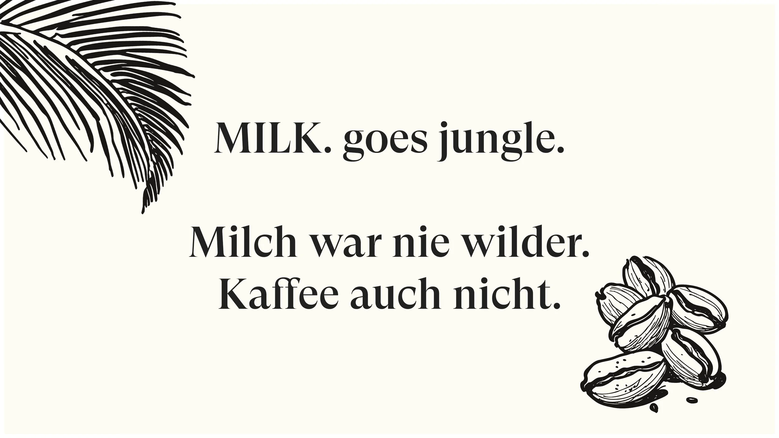 Affe, Kaffeetasse, Dschungel-Blätter – diese drei Elemente vereinen Urbanität und Wildheit und symbolisieren die Energie, die aus jeder Tasse MILK.-Kaffee strömt.
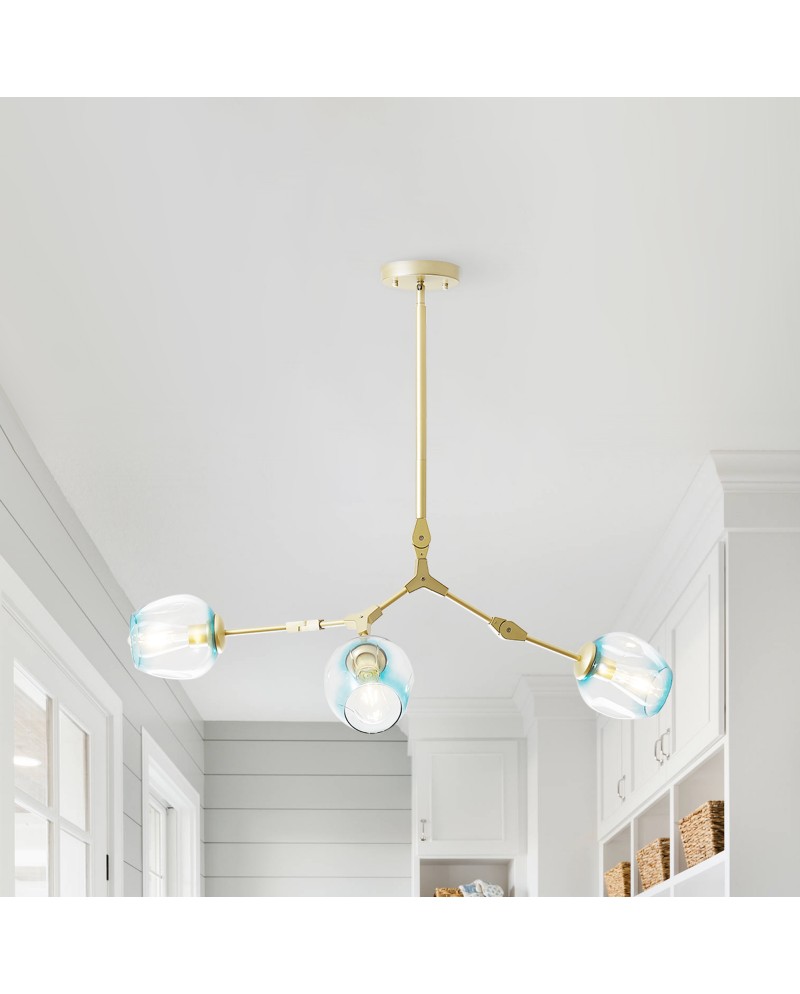 Add an artistic flair to your home decoration with this 3-light pendant light. This pendant lamp features a colorful shade that adds more vibrancy to an otherwise dull metal-finished light stand. We have four shades of amber, glazed, transparent, and smoke grey, which can be purchased according to the color you like. The glass lampshade is transparent like starlight, illuminating your room 360 degrees. Requires three Edison bulbs (not included) to provide the most comfortable lighting in the dark. The metal frame has a fine texture, anti-corrosion, and high quality. This pendant light is perfect for areas like kitchen islands, bedrooms, hallways, hallways, and more.
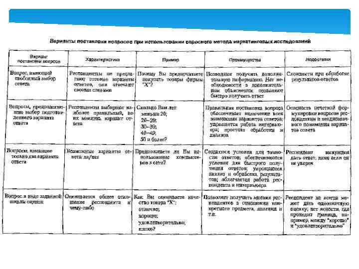 Вопросы менеджера перед началом исследования Какие данные необходимы для создания требуемой информации? Где лучше получить вторичную информацию — из внутренних или из внешних источников? Требуется ли дополнительно, кроме вторичной информации, получение данных за счет первичной информации? Какие статистические методы и модели потребуются для обработки вторичной информации? Какие исследования следует провести, чтобы получить первичную информацию? Какие переменные факторы будут измеряться при исследовании и с помощью каких приемов? Какие анкеты для опроса будут использоваться (структурированные, неструктурированные)? Какие вопросы задать и как контактировать с респондентами? Каковы выборка исследования, размер панели? Какие методы анализа полученных данных будут применяться? Определены ли форма, вид и структура отчета о проведении исследования? Сколько времени и затрат потребуется для выполнения исследования?
☆ ☆ ☆ ☆
= Exercise description =
From the first line to the last, reproduce the listing above exactly, leaving the pictures out.

= Response =
 Affe, Kaffeetasse, Dschungel-Blätter – diese drei Elemente vereinen Urbanität und Wildheit und symbolisieren die Energie, die aus jeder Tasse MILK.-Kaffee strömt.
 Add an artistic flair to your home decoration with this 3-light pendant light. This pendant lamp features a colorful shade that adds more vibrancy to an otherwise dull metal-finished light stand. We have four shades of amber, glazed, transparent, and smoke grey, which can be purchased according to the color you like. The glass lampshade is transparent like starlight, illuminating your room 360 degrees. Requires three Edison bulbs (not included) to provide the most comfortable lighting in the dark. The metal frame has a fine texture, anti-corrosion, and high quality. This pendant light is perfect for areas like kitchen islands, bedrooms, hallways, hallways, and more.
 Вопросы менеджера перед началом исследования Какие данные необходимы для создания требуемой информации? Где лучше получить вторичную информацию — из внутренних или из внешних источников? Требуется ли дополнительно, кроме вторичной информации, получение данных за счет первичной информации? Какие статистические методы и модели потребуются для обработки вторичной информации? Какие исследования следует провести, чтобы получить первичную информацию? Какие переменные факторы будут измеряться при исследовании и с помощью каких приемов? Какие анкеты для опроса будут использоваться (структурированные, неструктурированные)? Какие вопросы задать и как контактировать с респондентами? Каковы выборка исследования, размер панели? Какие методы анализа полученных данных будут применяться? Определены ли форма, вид и структура отчета о проведении исследования? Сколько времени и затрат потребуется для выполнения исследования?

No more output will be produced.